Life and How to Live It.

So R.E.M. came to town Saturday night and played probably the best show I’ve seen by Athens’ finest. (This is my fourth over the past decade.) First the setlist:



1. Finest Worksong

2. What’s The Frequency, Kenneth?

3. Driver 8

4. Drive

5. Animal

6. Fall On Me

7. Daysleeper

8. Bad Day

9. The One I Love

10. World Leader Pretend

11. (Don’t Go Back To) Rockville

12. The Great Beyond

13. Country Feedback

14. Losing My Religion

15. Find The River

16. She Just Wants To Be

17. Walk Unafraid
18. Man On The Moon

19. Life And How To Live It

20. NYC (Interpol cover)

21. Nightswimming
22. The Final Straw
23. Imitation Of Life

24. Gardening At Night
25. It’s The End Of The World As We Know It (And I Feel Fine)

So all in all, a truly excellent show. There were other R.E.M. songs they’re playing on this tour that I’d have loved to hear (Exhuming McCarthy, Feeling Gravity’s Pull), but they played my two favorites (and my top two requests) — Fall on Me and Country Feedback — so I left happy.
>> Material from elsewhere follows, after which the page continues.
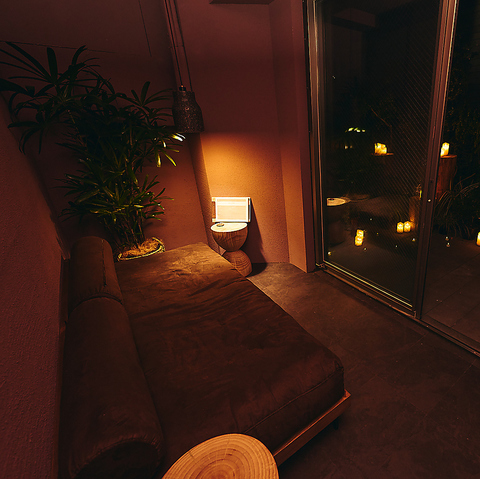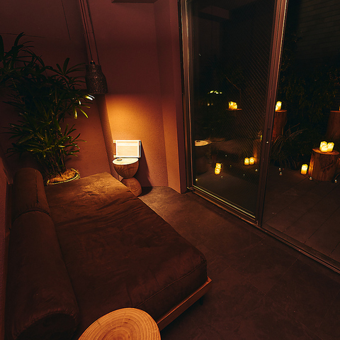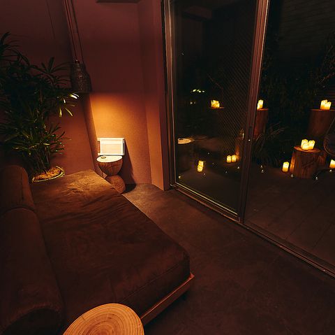 2名様用の小個室にはテラスが併設され、揺れるキャンドルの灯りを眺めながら過ごす一時。
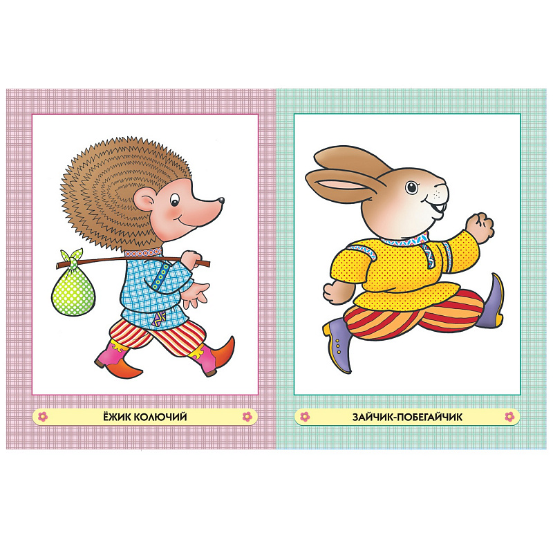 В книжке всего 13 сказочных героев: Конь-огонь, мишка-топтыжка, бычок-черный бочок, петушок-золотой гребешок, сова-большая голова, лисичка-сестричка, коза-дереза, ежик колючий, зайчик-побегайчик, лягушка-квакушка, мышка-норушка, кот-мурлыка, пес-черный нос.

I was particularly impressed with Walk Unafraid and She Just Wants to Be, two songs off Up and Reveal respectively that really came into their own tonight, when Peter Buck chose them to show off his considerable guitar mojo. And the band wisely skipped some of their more saccharine moments — Everybody Hurts or Strange Currencies, for example — to showcase old hits (Rockville, Gardening) and political tone poems (Final Straw and World Leader Pretend, a special treat.) In sum, Stipe, Buck and Mills still got it, and I’m very much looking forward to their next swing through the area.

Buried, but not Dead.

New York prepares for a mass re-burial of over 400 Colonial-era slaves in the spot where they were found 12 years ago. Perhaps this ceremony will help to encourage more formal and historic recognition of the city’s relationship to slavery. (As the article notes, Gotham once held more slaves than any other city but Charleston.) And as New York, so too the nation — While the Holocaust Museum serves as an important and necessary reminder of how nations ostensibly grounded in Enlightenment ideals can go terribly, terribly wrong, it’s a bit glaring that we have such a fine museum in Washington dedicated to Germany’s most grievous sin, without any comparable historic institution focusing on our own. A National Museum of Slavery is well past due, and, Civil War importance aside, it should really be on the National Mall, not in Fredericksburg.